3.1 Library Model in Databricks

Databricks lets you install libraries onto compute resources—clusters, SQL warehouses, or serverless jobs—so that all notebooks and jobs attached to that compute share the same dependency set.
These libraries can come from several sources:

Public package repositories (PyPI, Maven, CRAN)
Workspace files (uploaded wheels, JARs, etc.)
Unity Catalog volumes
External cloud object storage locations (for example, Azure Data Lake Storage)

The key difference: Databricks does not require you to build a custom container image for most dependency scenarios.
Instead, you attach libraries dynamically at the compute layer through UI, REST API, or Terraform.

3.2 Our Actual Workflow in Databricks

For the same custom wheel, our Databricks workflow looked like this:

Upload the wheel to Workspace Files
- In the Databricks UI:
  - Go to Workspace in the left sidebar.
  - Navigate to my user directory.
  - Import the .whl file into the workspace at a path like
    /Workspace/Users/myuser/my_module/my_module-0.1.0-py3-none-any.whl.
Attach the wheel as a compute‑scoped library
- Go to Compute → select the relevant cluster.
- Open the Libraries tab and click Install new.
- Choose Library source: Workspace, then browse to the uploaded wheel and click Install.
The screenshot I attached to this conversation is literally that “Install library” dialog open on our cluster—no Dockerfile in sight.
Use the module in notebooks and jobs
- Once the library installation completed, every notebook and job attached to that cluster could import the module as if it were any other installed package.
Iterate quickly
- If we needed a new version, the loop was: build wheel → upload → reinstall on the cluster.
- For experimentation, it felt almost like working on a local venv, but on managed distributed compute.

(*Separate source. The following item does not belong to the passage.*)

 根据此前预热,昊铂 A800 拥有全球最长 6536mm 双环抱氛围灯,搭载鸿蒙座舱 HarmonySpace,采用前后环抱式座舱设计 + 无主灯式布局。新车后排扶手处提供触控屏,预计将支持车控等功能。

This wasn’t just convenient—it fundamentally changed who could own dependency management.

3.3 Other Databricks Options Worth Knowing

Beyond compute‑scoped libraries, Databricks also supports:

Notebook‑ or job‑scoped libraries via pip in notebooks or job environments, especially for ML workflows.
Model‑level packaging using MLflow’s add_libraries_to_model() utility for model serving, where custom wheels travel with the model artifact itself.

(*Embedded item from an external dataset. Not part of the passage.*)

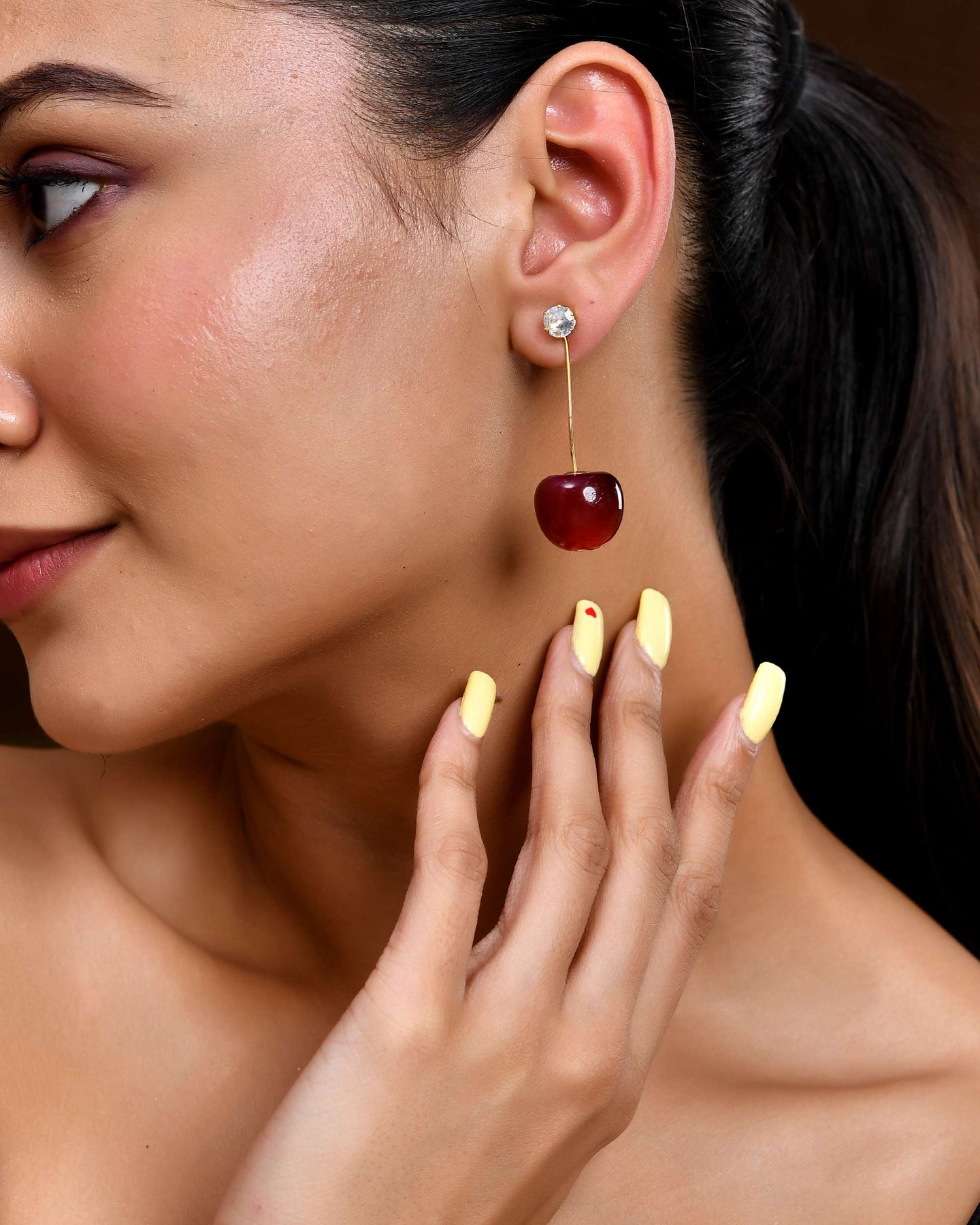 Add A Pop Of Playful Charm To Your Accessory Game With These Ultra-Trendy Cherry Drop Earrings . Designed For The Fun-Loving And Fashion-Forward, These Earrings Feature Glossy Red Cherry-Shaped Drops Suspended On Sleek Gold-Tone Stems And Accented With Sparkly Faux Crystal Studs At The Top.

But for this specific pipeline, cluster‑scoped libraries from workspace files were the perfect middle ground: simple, reproducible, and visible in the UI.

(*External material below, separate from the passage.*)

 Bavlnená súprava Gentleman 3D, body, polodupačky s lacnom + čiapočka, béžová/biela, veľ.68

4. Side‑by‑Side Comparison: EMR Serverless vs Databricks for Custom Libraries

Here’s how the two approaches felt in practice for our “one extra module” scenario:

Dimension	AWS EMR Serverless	Azure Databricks Compute
Primary mechanism we used	Custom Docker image based on EMR Serverless base runtime.	Compute‑scoped library installed from a workspace‑uploaded wheel via the UI.
Packaging for a custom wheel	Bake wheel into image, rebuild + push image to ECR, update EMR application to use that image.	Upload wheel to Workspace or Volume, click Install new, select wheel, done.
Who typically owns the workflow	Platform/DevOps team with Docker, ECR, and IAM expertise.	Data engineers / ML engineers can manage it directly; platform team mostly sets guardrails.
Feedback loop for dependency changes	Minutes: rebuild image, push, update application, wait for EMR to pick it up.	Seconds to a couple of minutes: re‑upload wheel and reinstall library on cluster.
Security & compliance posture	Very strong for container‑centric orgs; custom images can be fully scanned and version‑controlled, but add operational overhead.	Strong at the library level; you still need scanning for wheels and PyPI dependencies, but you’re not responsible for base OS image maintenance.
Runtime immutability	Extremely high: runtime fully defined by container image; great for regulated environments and strict change control.	High at the cluster level, but more dynamic; libraries can be added/updated without rebuilding images, which is great for iteration.
Complexity for “simple” customization	High relative to problem size; feels like using a sledgehammer for a thumbtack.	Low; the platform meets you where you are with first‑class library install flows.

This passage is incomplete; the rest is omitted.